## DIRECTIONS FOR THIS TASK
Copy all data exactly. Skip pictures.

[RECORDS — start]

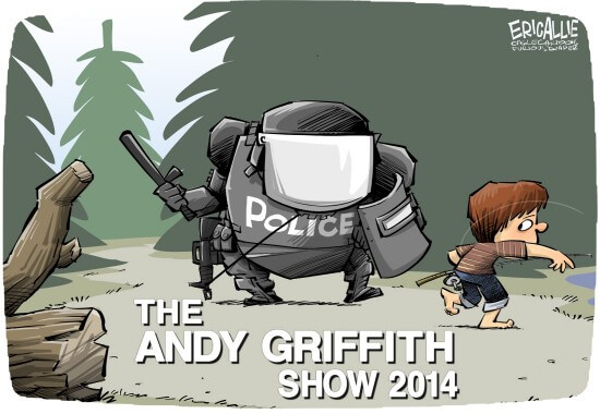 Eric Allie Political Cartoon Police Militarization Andy GriffithThis entry was posted in Images and tagged #LOLGov Eric Allie Police Militarization Police State Political Cartoon Eric Allie Political Cartoon Police Militarization Andy Griffith Related posts: SWAT Stop Bourgeoisie Police Barney Fife Then and Now
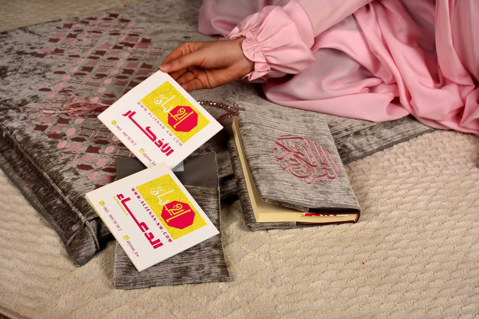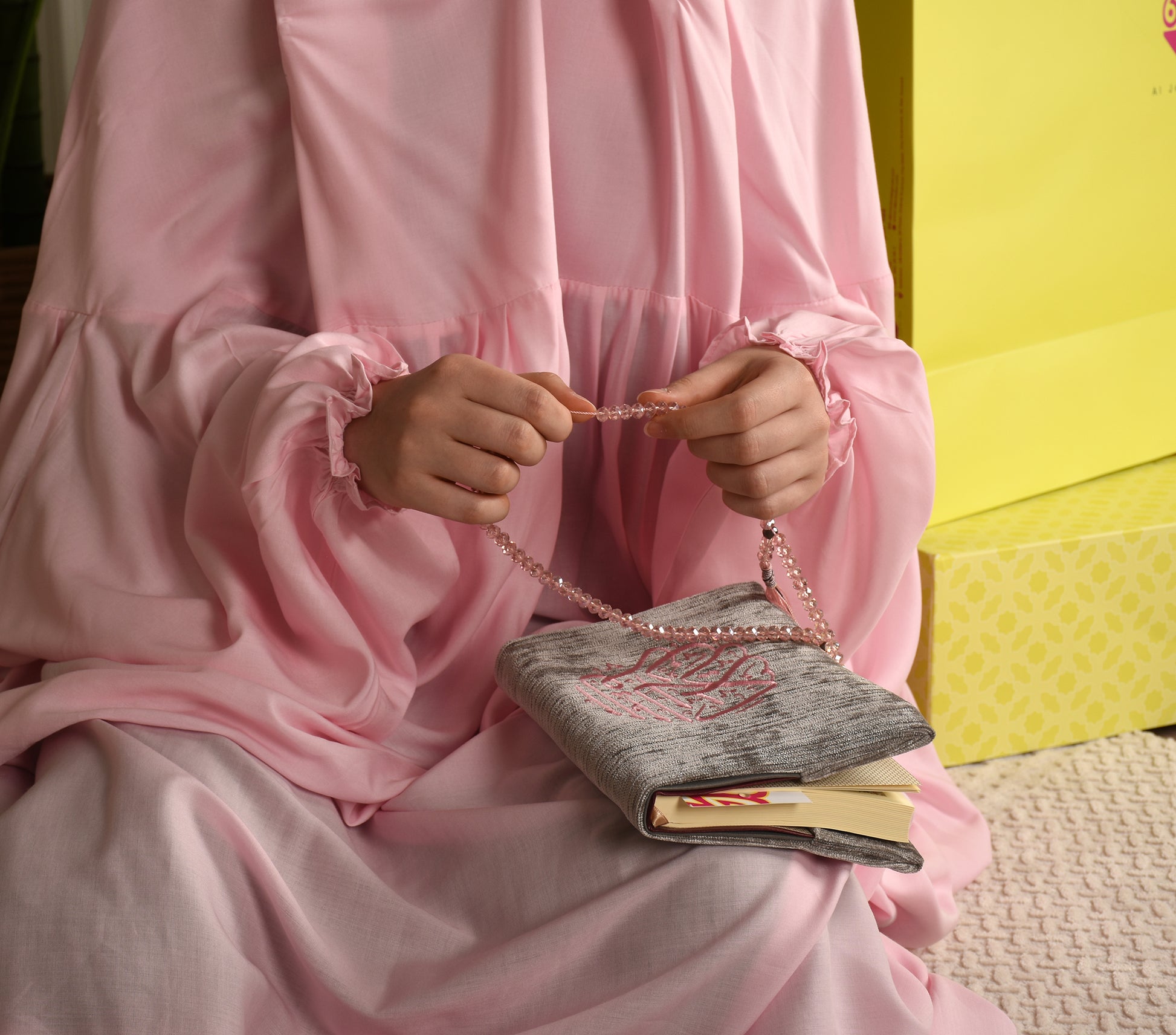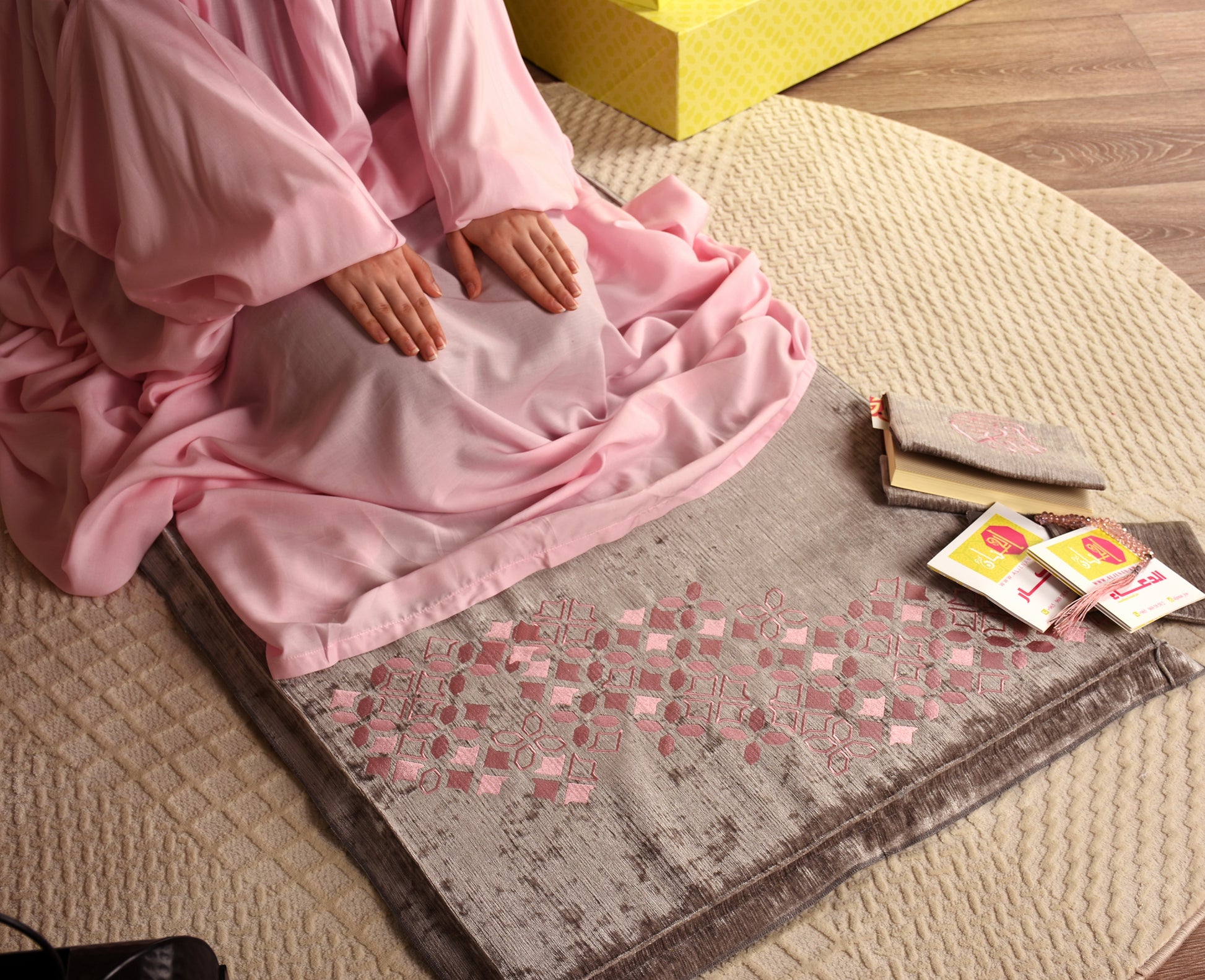 Al-Jenan Classic collection - Luxury Prayer Set - (Gray & Pink) wc set
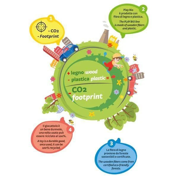Chunky Peggy je nová hra vyrobená z ekologicky udržateľného materiálu, ktorá patrí do radu Play Bio Line. Tento nový rad, 100% vyrobený v Taliansku, sa vyznačuje použitím exkluzívneho biokompozitného materiálu z dreva a plastu, ktorý je navrhnutý tak, aby znižoval emisie CO2 na planéte. Vhodné pre deti od 1 roku.
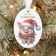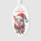 Dies ist ein niedliches Weihnachtsschmuck für Eltern oder Großeltern, um einem Kind zu geben, aber es kann leicht als Geschenk für jedermann angepasst werden. Die Vorderseite des Ornaments hat ein Bild eines lustigen Cartoon Schwein mit Brille, Weihnachtsmannmütze und Schal. Er ist in eine Reihe farbenfroher Urlaubsleuchten eingewickelt. Im grünen und roten Text steht "MERRY CHRISTMAS". Auf der Rückseite des Ornaments befindet sich Ihr eigener Text, der durch einen kleinen Bonbons und ein heiliges Bouquet getrennt ist. Ändern Sie den Text einfach zu allem, was Sie wollen!
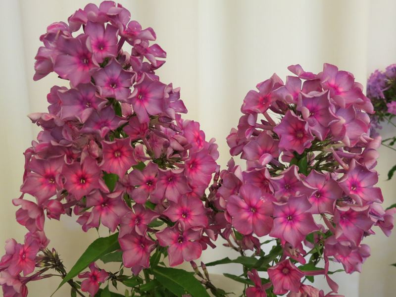 ;)Beschreibung auf der Seite der Enzyklopädie der Phloxe: Ø 4,2 cm; 85 cm; ungewöhnliches Rosa-rot mit Dunst (Ich danke den virtuellen Übersetzern.)
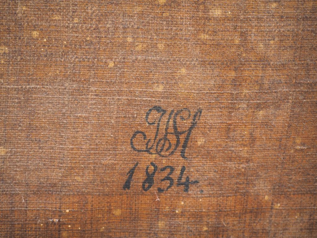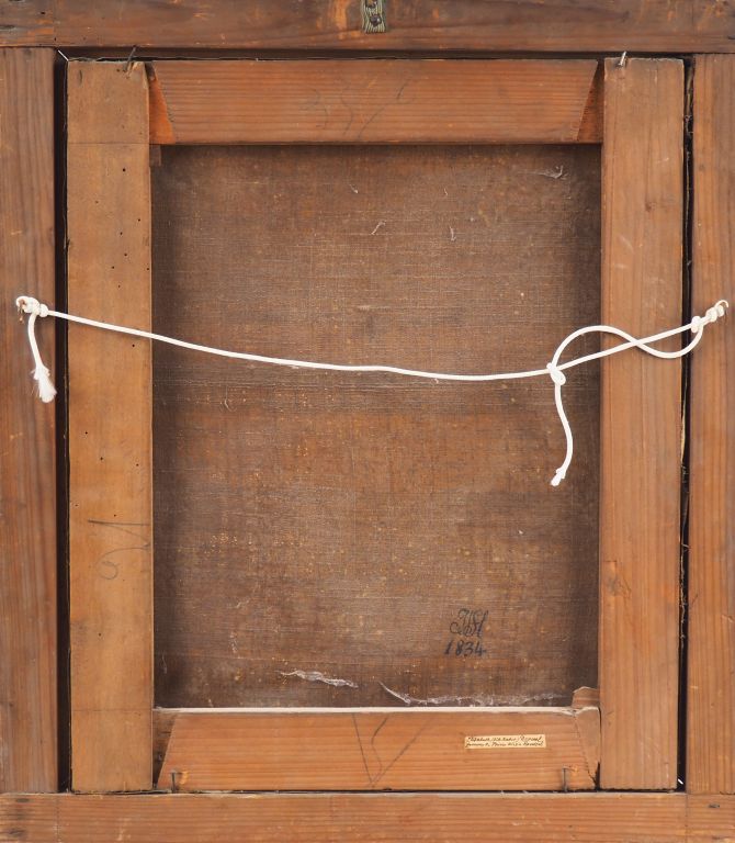 Ecole française XIXème. "Portrait d'Elisabeth". Huile sur toile, monogrammée et datée 1834 au dos. Dim. 49 x 41 cm.

[RECORDS — finish]

## TASK OUTPUT
 Eric Allie Political Cartoon Police Militarization Andy GriffithThis entry was posted in Images and tagged #LOLGov Eric Allie Police Militarization Police State Political Cartoon Eric Allie Political Cartoon Police Militarization Andy Griffith Related posts: SWAT Stop Bourgeoisie Police Barney Fife Then and Now
 Al-Jenan Classic collection - Luxury Prayer Set - (Gray & Pink) wc set
Chunky Peggy je nová hra vyrobená z ekologicky udržateľného materiálu, ktorá patrí do radu Play Bio Line. Tento nový rad, 100% vyrobený v Taliansku, sa vyznačuje použitím exkluzívneho biokompozitného materiálu z dreva a plastu, ktorý je navrhnutý tak, aby znižoval emisie CO2 na planéte. Vhodné pre deti od 1 roku.
 Dies ist ein niedliches Weihnachtsschmuck für Eltern oder Großeltern, um einem Kind zu geben, aber es kann leicht als Geschenk für jedermann angepasst werden. Die Vorderseite des Ornaments hat ein Bild eines lustigen Cartoon Schwein mit Brille, Weihnachtsmannmütze und Schal. Er ist in eine Reihe farbenfroher Urlaubsleuchten eingewickelt. Im grünen und roten Text steht "MERRY CHRISTMAS". Auf der Rückseite des Ornaments befindet sich Ihr eigener Text, der durch einen kleinen Bonbons und ein heiliges Bouquet getrennt ist. Ändern Sie den Text einfach zu allem, was Sie wollen!
 ;)Beschreibung auf der Seite der Enzyklopädie der Phloxe: Ø 4,2 cm; 85 cm; ungewöhnliches Rosa-rot mit Dunst (Ich danke den virtuellen Übersetzern.)
 Ecole française XIXème. "Portrait d'Elisabeth". Huile sur toile, monogrammée et datée 1834 au dos. Dim. 49 x 41 cm.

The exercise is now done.